7. TROPICAL LOCATIONS : MALABAR
___________________________________

8. COLLEGE MAJORS : TAKE TIME
___________________________________

9. DAIRY PRODUCTS : RAW MILK 
___________________________________

10. THINGS IN A SOUVENIR SHOP : SHOT GLASSES
___________________________________

11. ITEMS IN YOUR PURSE/WALLET
___________________________________

12. WORLD RECORDS : HULA HOOPS!
 ___________________________________

[please fill them in if you can]




15 May, 2011

What We Give

It is no coincidence the last essay I posted occurred the day before my mother passed in mid-March. I have been trying to find the angle and energy through which to write and I am beginning to suspect that it involves nothing more than simply being.

That day was quiet, and I took the time to write and reflect on a book I had read the night before. I might have stayed in my pajamas all day. I am in my pajamas today. It is raining. I have made an early afternoon coffee. It is hard to type these words.  

Today is the Buddha's birthday, or Hanamatsuri, and I attended the Zen Buddhist Temple in Chicago this morning, a practice I vowed to keep on Sundays once I returned to the city. That was two months ago. But I arrived at the temple wearing the old purple shirt Shannon had painted for me years before, Katie's running pants, a sports bra, no shoes, a new tattoo, and a slight disappointment at the loss of the zafus.

In those early moments of meditation, I wonder why I am there.

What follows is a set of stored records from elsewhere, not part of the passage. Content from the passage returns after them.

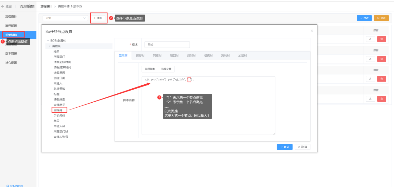 第二步:点击{初始赋值},按节点添加赋值设置,如下图;
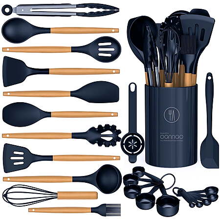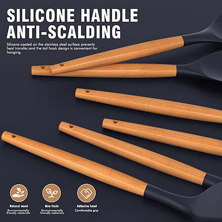 | Product Description: | Introducing a comprehensive and high-quality silicone cooking utensils set that includes essential kitchen tools for both beginners and skilled cooks. This cooking utensil set is BPA-free, odorless, and made from natural, food-grade silicone, ensuring health and safety. With outstanding scratch resistance, these kitchen utensils are non-stick cookware friendly, providing worry-free cooking enjoyment. The cooking utensil set is heat-resistant up to 446°F, featuring a one-piece molding design with stainless steel cores for shape retention and flexibility. The silicone kitchen utensils are non-deformable, easy to clean, and come with a convenient utensil holder. The package includes 9 cooking tools, 4 baking tools, and wooden-handled measuring cups and spoons. Additionally, the silicone utensils make for an excellent gift selection for housewarmings, weddings, or New Year celebrations. The seller ensures rapid after-sales response and encourages customers to contact them for any inquiries or concerns. BPA FREE NON-STICK COOKWARE FRIENDLY: The silicone cooking utensils set is made entirely from natural, odorless food-grade silicone, molded as a single piece, and has passed laboratory testing standards. utensil sets is BPA-free, odorless, ensuring health and safety. With outstanding scratch resistance, its lifespan extends beyond three years. Enjoy the pleasure of cooking without worrying about the silicone cooking utensils scratching your non-stick cookware HEAT-RESISTANT & NON-MELTING: These silicone kitchen utensils set withstand temperatures up to a sizzling 446°F, even during high-temperature frying. Silicone doesn't melt and does not react with food. High-quality natural wood prevents the transfer of heat during cooking. The small round hole at the end facilitates hanging to eliminate clutter. Please note that each silicone kitchen utensil wooden handle has a slightly different color and texture COMPLETE BASIC KITCHEN SET MEETS COOKING NEEDS: These silicone cooking utensil set includes all tools from beginners to skilled cooks. With 9 cooking tools, 4 baking tools, and a spacious utensil holder, you have every essential kitchen tool at your fingertips: Slotted Turner, Solid Turner, Deep Soup Ladle, Pasta Server, Flexible Spatula, Spreader Spatula, Slotted Spatula, Basting Brush, Egg Whisk, Slotted Spoon, Kitchen Tongs, 5 x Measuring Cups & 5 x Measuring Spoons ONE-PIECE MOLDING, NON-DEFORMABLE, EASY TO CLEAN: We've designed these silicone kitchen utensils sets with stainless steel cores wrapped in silicone for shape retention and flexibility. No warping or cracking, no hassle. The silicone utensils for coking one- piece construction ensures no pesky gaps where food can hide, making cleaning a breeze. Due to the unique nature of wooden handles, we recommend handwashing IDEAL KITCHEN ESSENTIAL: This silicone kitchen utensils set boasts a sleek, practical design that fits modern and classic kitchen styles. Suitable for daily use or as a thoughtful gift (weddings, housewarmings, birthdays), adding convenience and efficiency to every cooking routine |
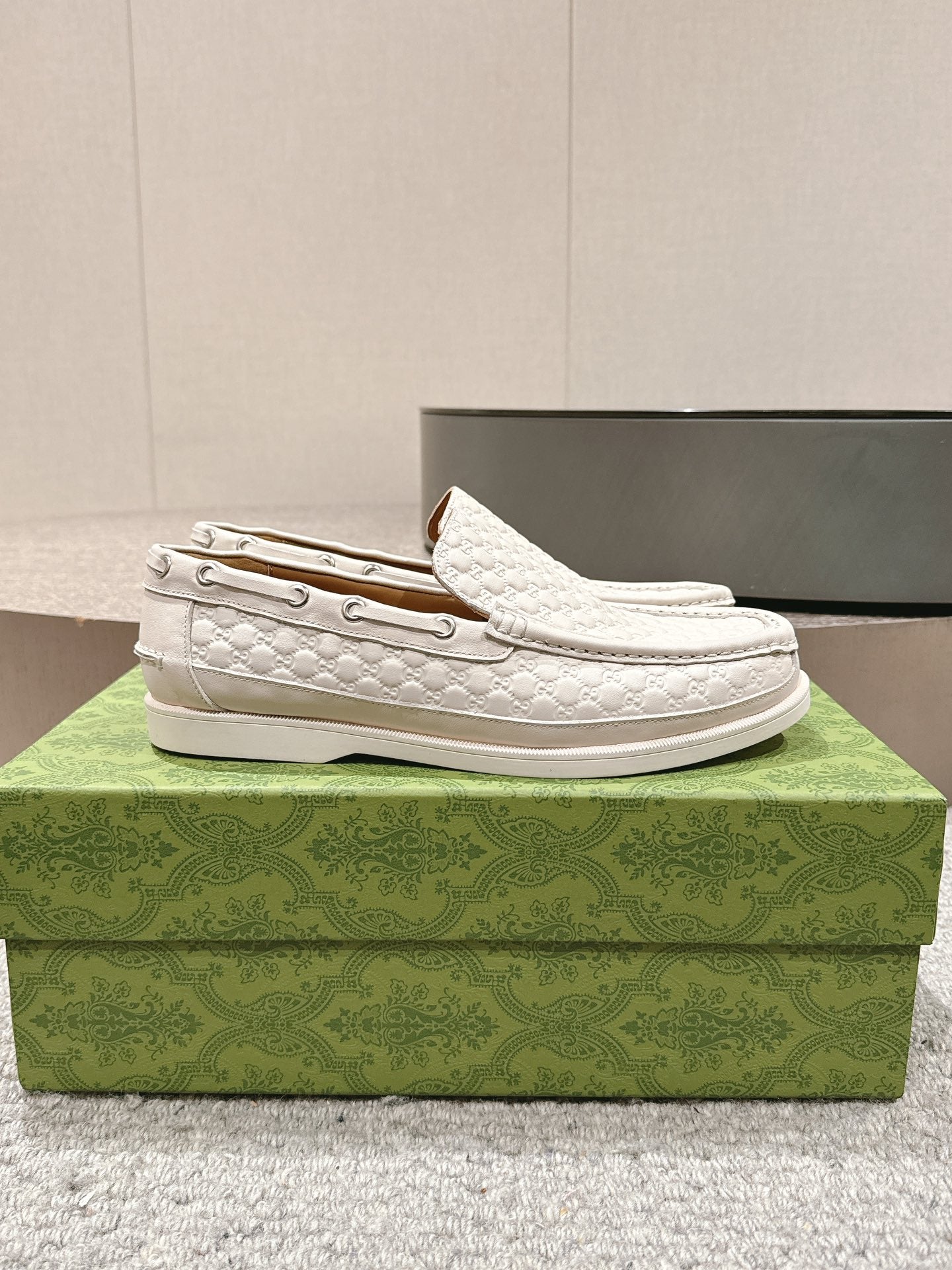 GG Men's 25 Loafer White Calfskin 592174
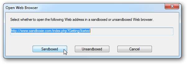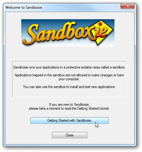 Prima dată când utilizați Sandboxie, este o oportunitate de a vedea cum este să rulați un browser în Sandboxie, parcurgând tutorialul de pornire în modul sandbox.

Why I awoke so early to travel in the cold and the rain to sit in a room full of strangers, to quietly seek or to pray. After the second meditation sitting, after the chanting, after my mind twists and turns in its tangles into its high and dangerous places, the senior Buddhist begins the Dharma talk and wells at her own understanding of the importance of protection, of the importance of protecting what is cherished within us. The Buddha, the jewel, the being that is ours that stumbles and waffles and collapses and bears and gives and loves and nourishes and nurtures and needs.

What is not tradition on the Buddha's birthday is the recitation of a poem.

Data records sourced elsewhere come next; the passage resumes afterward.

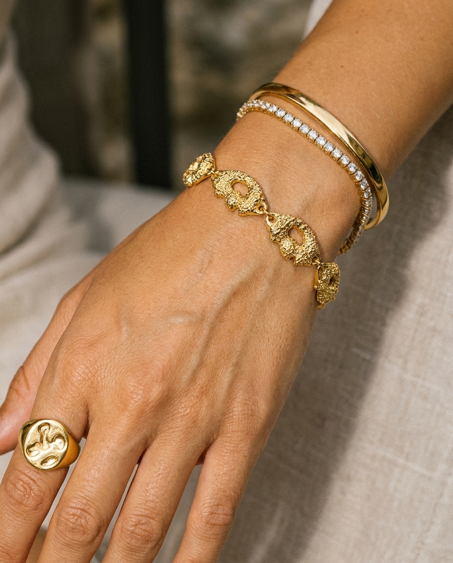That's why every Manjaras piece is crafted with a thick layer of genuine 18k or 14k gold, expertly bonded to a durable base metal.
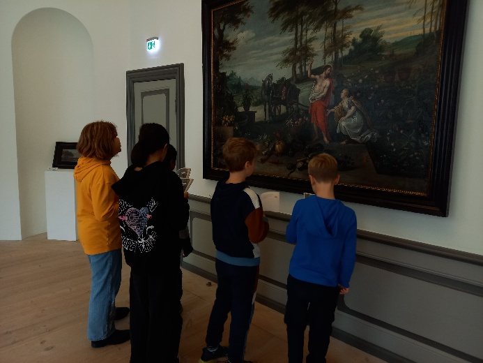 Für Kinder hat sich das Museum einen Kunstkrimi ausgedacht. „Kunstdetektive auf Zeitreise“. Wir mussten einen verschwundenen Professor finden. Wir sind in Vierer- oder Fünfer-Teams herumgegangen, haben Bilder gesucht, angeschaut, versteckte Hinweise entdeckt und so 6 Rätsel gelöst. Das hat Spaß gemacht.
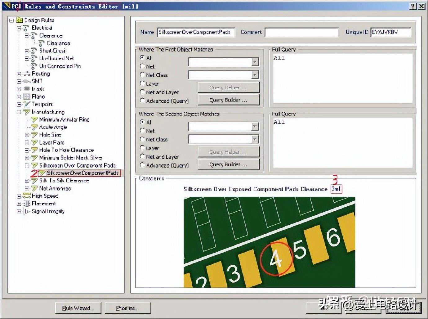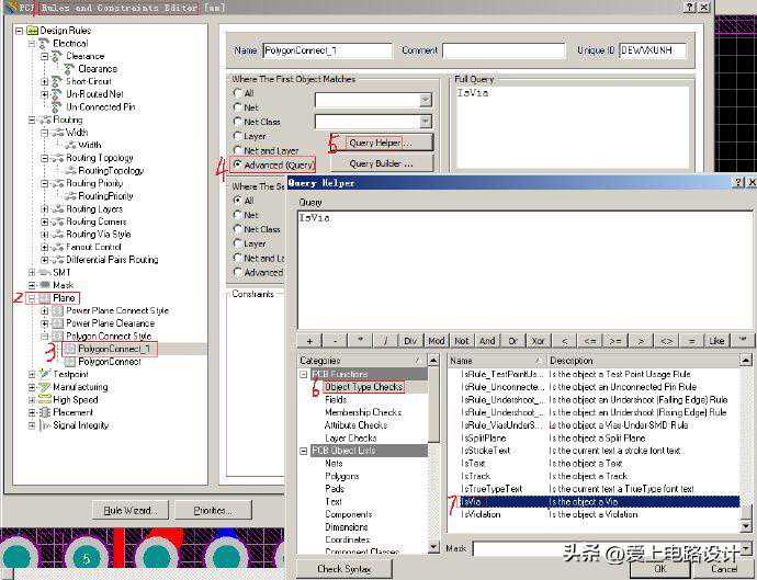 规则设置(RulesandConstraintsEditor)中,选择多边形铺铜连接类型(polygonconnectstyle),如下图示意:点选QueryHelper钮进入QueryHelper对话框,在左边选择Objecttypechecks,在右边选择ISVIA,OK即可,再将此规则优先级设置高于所ALL对象的优先级。

But the yellowed pages of an old book cracked open and I am grateful, relieved at what language I understand. The teacher read an excerpt from the poem I read in memory of my mother on the day of her funeral. 

Because I don't know what else to say, and because what we find profound sometimes has no words, except for the ones that sneak up on us, and follow us, and remind us how right we are no matter how wrong we would have liked to have been.

What I can't forget, what I forgive, and what I can give, for my mother, on the day before spring.

The Summer Day 

Who made the world?
Who made the swan, and the black bear?
Who made the grasshopper?
This grasshopper, I mean-
the one who has flung herself out of the grass,
the one who is eating sugar out of my hand,
who is moving her jaws back and forth instead of up and down-
who is gazing around with her enormous and complicated eyes.
Now she lifts her pale forearms and thoroughly washes her face.
Now she snaps her wings open, and floats away.
I don't know exactly what a prayer is.
I do know how to pay attention, how to fall down
into the grass, how to kneel down in the grass,
how to be idle and blessed, how to stroll through the fields,
which is what I have been doing all day.
Tell me, what else should I have done?
Doesn't everything die at last, and too soon?
Tell me, what is it you plan to do
with your one wild and precious life?